We began with immortality. Let’s end with immortality too. What would you like to say?
“I dreamt about being immortal from Class 10. I studied at the Coronation Institute in Bogra at the time. I went to my friend’s house one morning and saw him going out with a gamchha (cotton scarf-like towel) around his neck. ‘Where are you off to?’ I asked.”
“He said, ‘I’ll be back in half an hour, I’m going for a dip in the river.’”
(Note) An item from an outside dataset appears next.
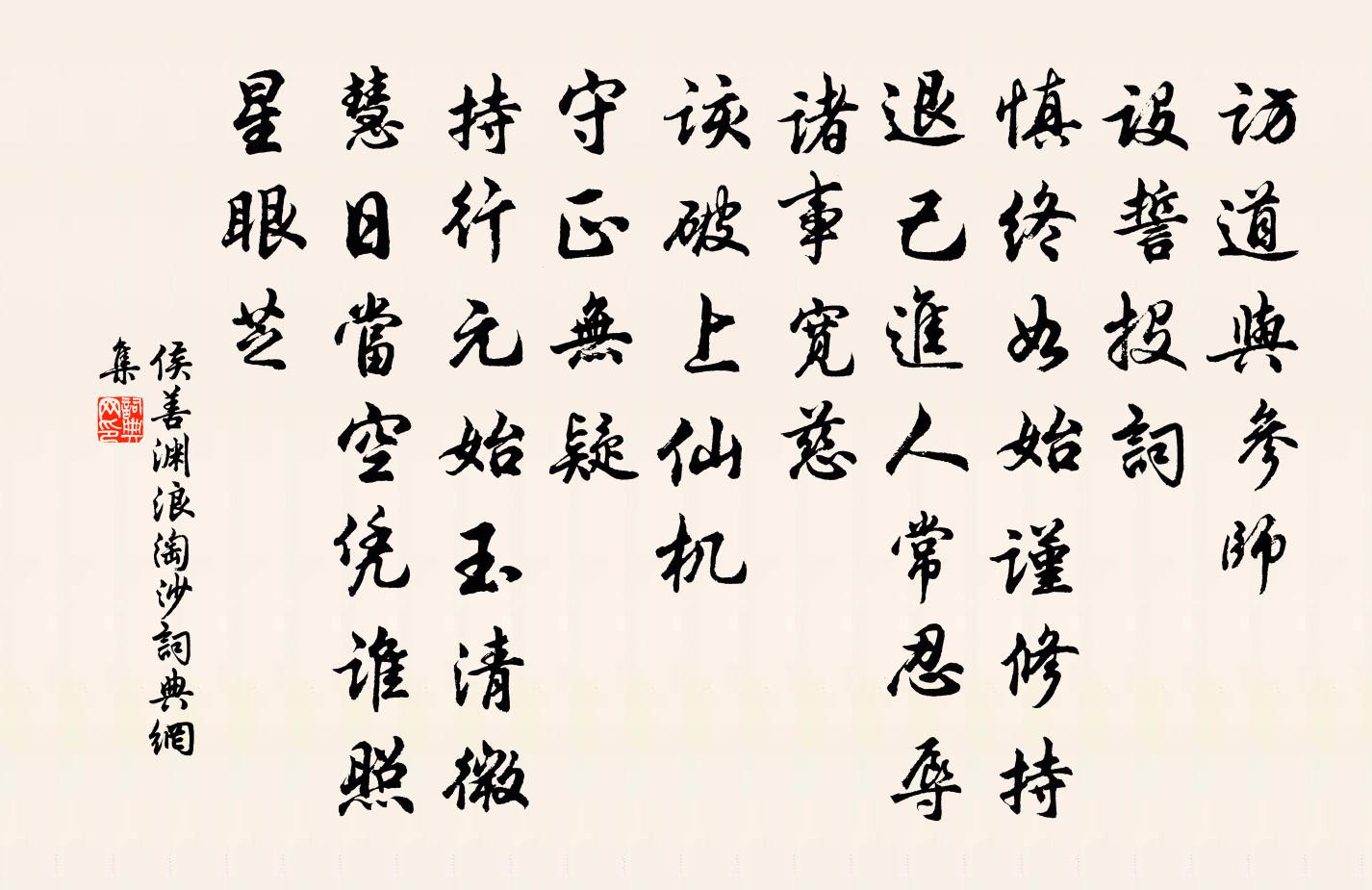 詩詞名句歷史字典書法欣賞書法字典國語詞典說文解字康熙字典古漢語字典標 題 作 者 詩 句 浪淘沙作者:侯善淵 朝代:元代浪淘沙原文訪道與參師。設誓投詞。慎終如始謹修持。退己進人常忍辱,諸事寬慈。該破上仙機。守正無疑。持行元始玉清微。慧日當空憑誰照,星眼芝詩詞問答問:浪淘沙的作者是誰?答:侯善淵問:浪淘沙寫於哪個朝代?答:元代問:浪淘沙是什麼體裁?答:詞侯善淵浪淘沙書法欣賞浪淘沙書法作品詩詞推薦游譚田寺蔣金部〔宋代〕我愛譚田寺,短橋橫碧波。數椽松竹里,靜處不須多。定風波·為有書來與我莊棫〔清代〕為有書來與我期,便從蘭杜惹相思。昨夜蝶衣剛入夢,珍重,東風要到送春時。 三月正當三十日,占得,春光望江南張繼先〔宋代〕西源好,幽徑不成斜。山谷隱連無改色,池塘空靜默無瑕。人釣水之涯。仙舫小,人慾盼君家。歸棹日回如覽鏡,偈頌一百二十三首釋祖欽〔宋代〕雲影重重,山色蒙蒙。天晴日出,柳綠花紅。雲門大師颺下乾屎橛,進得清香遍地,散為萬物春風。寄遠其二李白〔唐代〕青樓何所在。乃在碧雲中。寶鏡掛秋水。羅衣輕春風。新妝坐落日。悵望金屏空。念此送短書。 願同雙飛鴻。 馬司戶所作墨梅並示佳作因次韻蔡沈〔宋代〕誰把霜毫歸庾嶺,王孫去後久寥寥。長時月夜橫疏影,鎮日春風上素綃。可笑兒童尋剪摘,如知蜂蝶亦邀招。人心足姜句蘇泂〔宋代〕那知身百歲,未辦屋三間。見客慵開口,逢僧託買山。喜無他志願,幸不礙清閒。社燕秋鴻里,人生各有還。相和歌辭鳳笙曲沉佺期〔唐代〕憶昔王子晉,鳳笙游雲空。揮手弄白日,安能戀青宮。豈無嬋娟子,結念羅帳中。憐壽不貴色,身世兩無窮。鷓鴣天趙長卿〔宋代〕落魄東吳二十春。風流詩句得清新。今年卻恨花星照,再見溫卿與遠真。分楚佩,染巫雲。赤繩結得短花茵。若非留別武陵袁丞王昌齡〔唐代〕皇恩暫遷謫,待罪逢知己。從此武陵溪,孤舟二千里。桃花遺古岸,金澗流春水。誰識馬將軍,忠貞抱生死。溪山堂玩月姚勉〔宋代〕前山杳靄翠煙凝,幾點疎星隔岸燈。不是飛來千里月,如何照徹一壺冰。天開圖畫無窮趣,人在林巒最上層。動智題山雲海月樓熊禾〔宋代〕壺山一片雲,滄海一輪月。仁人典刑靜,志士胸次闊。我來登斯樓,撫景亦奇絕。一天任舒捲,萬古看出沒。吟情和僧長吉湖居五題其二水月范仲淹〔宋代〕千尋月腳寒,湖影淨於天。忽如常娥宮,俯仰見嬋娟。更約中秋夕,長津無寸煙。城北青蓮院方丈壁間有畫燕子者過客多題詩予陸游〔宋代〕一雙掠水燕來初,萬點飛花社雨余。辛苦成巢君勿笑,從來吾亦愛吾廬。省試夏日可畏(一作張籍詩)丘為〔唐代〕赫赫溫風扇,炎炎夏日徂。火威馳迥野,畏景爍遙途。勢矯翔陽翰,功分造化爐。禁城千品燭,黃道一輪孤。落照呈徑畈徐左司劉黻〔宋代〕五載相違一日過,巷無車跡有樵歌。因嗟世上深危證,合住山中養太和。蔓草不知春事去,梅花曾識歲寒多。予今偈頌一百二十三首釋祖欽〔宋代〕坐本無拘,何必曰放。動靜但見一如,日用自然虛曠。鵲噪鴉鳴,水綠山青。騰騰任運不知名,也是錯認定盤星。夜雨陸游〔宋代〕夜雨有殘滴,秋碪無絕聲。得詩旋已忘,覓睡固難成。壯志悲垂老,歸耕願太平。發春才屬爾,歲事又崢嶸。讀樂天詩戲效其體周必大〔宋代〕側足二三臣,平頭六十人。胸中冰與炭,鏡里雪兼銀。豈有花經眼,何嘗酒入唇。勞生成底事,胡不早收身。元祐祀九宮貴神二首佚名〔宋代〕上天貴神,九宮設位,功徳及物。乃秩明祀。望拜紫壇,赫然靈氣。奠玉牙幣,歆之無愧。名句推薦貨有高低三等價,客無遠近一般看吳承恩《西遊記·第八十四回》 三軍可奪帥也,匹夫不可奪志也。佚名《論語十二章》 騎牛遠遠過前村,短笛橫吹隔隴聞。黃庭堅《牧童詩》 燕子不知人去也,飛認闌乾。韓疁《浪淘沙·莫上玉樓看》 光陰似箭,日月如梭吳承恩《西遊記·第八回》 官不得其才,比於畫地作餅,不可食也。吳兢《貞觀政要·卷三·論擇官》 浮雲一別後,流水十年間。韋應物《淮上喜會梁川故人 / 淮上喜會梁州故人》 為淵驅魚者,獺也;為叢驅爵者,鸇也孟子《孟子·離婁章句上·第九節》 得成比目何辭死,願作鴛鴦不羨仙。盧照鄰《長安古意》 學而時習之,不亦說乎?佚名《論語十則》

“I came back after half an hour to see a crowd in front of his house. I pushed through the crowd to see my friend lying there on the ground.”
What happened?
“I heard that my friend drowned in the river Korotoa. That hit me hard. I had always heard that man is mortal, but then that day I thought, man in immortal. I must be immortal. I must achieve something in life that I can live beyond death But how? That is when I started drawing, writing. I wanted to live on in my creative works. Sometimes I think, I will live perhaps not in my paintings, but in my research on the Habsi Sultan of Bengal or the terracotta of West Bengal’s temples. Who knows? Time will tell. In his novel ‘Old Man and the Sea’, Ernest Hemingway said a man can be destroyed, but not defeated. I believe the opposite, a man can be defeated, but not destroyed.”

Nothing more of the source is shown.